Julia Kollewe and Graeme Wearden 

Pound dips to 14-month low as bond sell-off piles pressure on Rachel Reeves

Sterling extends losses against US dollar before easing to half a cent down after Treasury calms market jitters
  
  

Rachel Reeves in front of a video camera
The chancellor, Rachel Reeves insists she has an ‘iron grip’ on the public finances. Photograph: Ben Birchall/PA

The pound briefly fell to a 14-month low against the US dollar on Thursday morning after the sell-off in the bond market fuelled investors’ anxiety about UK assets and piled further pressure on the chancellor, Rachel Reeves.

Sterling extended recent losses against the US dollar, falling by a cent at one point, before recovering to trade half a cent down at $1.23.

The sell-off in British government bonds – known as gilts – drove up the yield, or interest rate, paid to those holding them and therefore UK borrowing costs.

However, comments by the chief secretary to the Treasury, Darren Jones, later on Thursday appeared to calm the market. He told the House of Commons that “gilt markets continue to function in an orderly way”, suggesting no need for emergency measures. Yields eased afterwards – reversing the day’s gains.

Jones said: “Underlying demand for the UK’s debt remains strong, with a generally well-diversed investor base.”

His intervention was more successful than that of Reeves the previous night, when she took the rare step of issuing a public statement for the second successive day to insist she had an “iron grip” on the public finances.

The sell-off continued on Thursday morning, with the yield on benchmark 10-year UK debt rising by as much as 0.12 percentage points to 4.921%, the highest since 2008, before easing back again.
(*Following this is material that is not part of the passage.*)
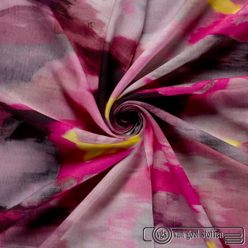 Linnen viscose abstract color waves cerise

Thirty-year bond yields, which hit 26-year highs this week, also rose, by about 0.1 points, before returning to be flat on the day.

Michael Brown, a senior research strategist at the brokerage Pepperstone, said said the dynamic of bond yields moving higher while the currency fell was a sign of investors “losing confidence in the government in question’s ability to exert control over the fiscal backdrop”.
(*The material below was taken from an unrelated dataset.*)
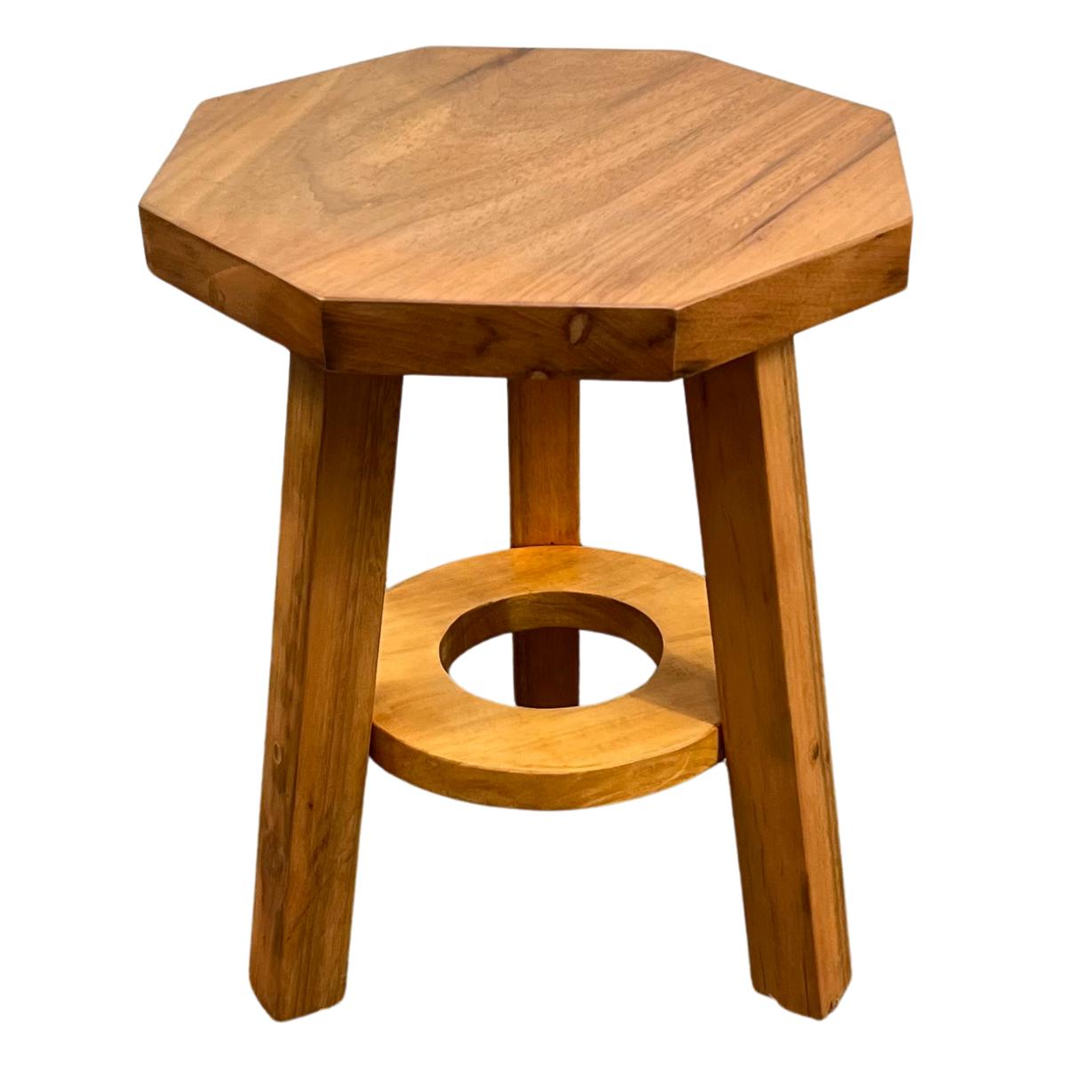 Banco ou mesinha de canto? Essa peça versátil é feita em madeira de demolição mista, com acabamento encerado que realça os veios naturais e garante resistência e durabilidade. Seu design rústico, com tampo octogonal e base reforçada, combina beleza e funcionalidade, podendo ser usado como banco, mesinha de canto ou apoio decorativo.

“We’re not at the Truss/Kwarteng stage just yet, but things are clearly on very shaky ground indeed,” Brown said, referring to the September 2022 budget under the then prime minister, Liz Truss, and her chancellor, Kwasi Kwarteng, that triggered a bond sell-off and turmoil in financial markets.

The increase in servicing government debts could cut into the chancellor’s expected financial headroom, and triggered speculation that she could be forced to announce unplanned austerity measures.
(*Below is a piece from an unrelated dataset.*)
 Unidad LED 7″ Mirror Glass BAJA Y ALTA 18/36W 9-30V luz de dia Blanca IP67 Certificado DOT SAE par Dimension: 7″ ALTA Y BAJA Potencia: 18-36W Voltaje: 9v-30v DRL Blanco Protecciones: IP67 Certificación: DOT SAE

Matthew Amis, an investment manager at abrdn, said he expected Reeves would have broken her own newly drafted fiscal rules when the Office for Budget Responsibility presented its updated forecasts at the end of March, and could announce bigger cuts to government spending.

Chris Turner, the global head of markets at analysts ING, said: “Our best understanding of yesterday’s sterling sell-off is that the global bond market sell-off touched a raw nerve in the gilt market and that then the gilt spread widening prompted investors to cut back on overweight sterling positioning.”

In recent weeks, investors had been buying sterling as a counterweight to the strong dollar. “Investors had felt that sterling could best withstand the overriding strong dollar trend,” Turner said, but the gilt sell-off had dented that confidence in sterling and traders’ bets that the currency would rise could be pared back.

Despite recent losses, the pound is still comfortably above its record low after the 2022 mini-budget, when it plunged to near parity with the dollar.

The former Bank of England policymaker Martin Weale has suggested 1976, rather than 2022, provided a better comparison with the current market anxiety.

In 1976, the plummeting value of the pound forced the Labour government to turn to the International Monetary Fund for a bailout, with strict spending cuts attached.

Weale, a professor of economics at King’s College London, said an IMF bailout looked unlikely, but the UK government “might want an IMF seal of approval [for its policies] if things got much worse than they are”.

The Conservative party and the Liberal Democrats called for Reeves not to travel to China on Thursday, where she is due to spend several days drumming up international investment alongside Andrew Bailey, the governor of the Bank of England.

The Lib Dem leader, Ed Davey, urged the chancellor to make an emergency fiscal statement to parliament cancelling the £25bn increase in employers’ national insurance contributions (NICs) announced for April, to boost economic growth and give the Bank of England more room to bring interest rates down.

Separately, a survey from the Bank of England showed more than half of UK firms were planning to raise prices or cut jobs in response to Reeves’s increase in employers’ NICs from April.

The Bank polled chief financial officers from small, medium and large UK businesses, and asked how they expected to respond to the increase in employer NICs announced in October’s budget.

The survey found that 61% expected to lower profit margins, 54% expected to raise prices, 53% expected to lower employment and 39% expected to pay lower wages than they otherwise would have done.

Companies were allowed to select more than one option, the Bank said.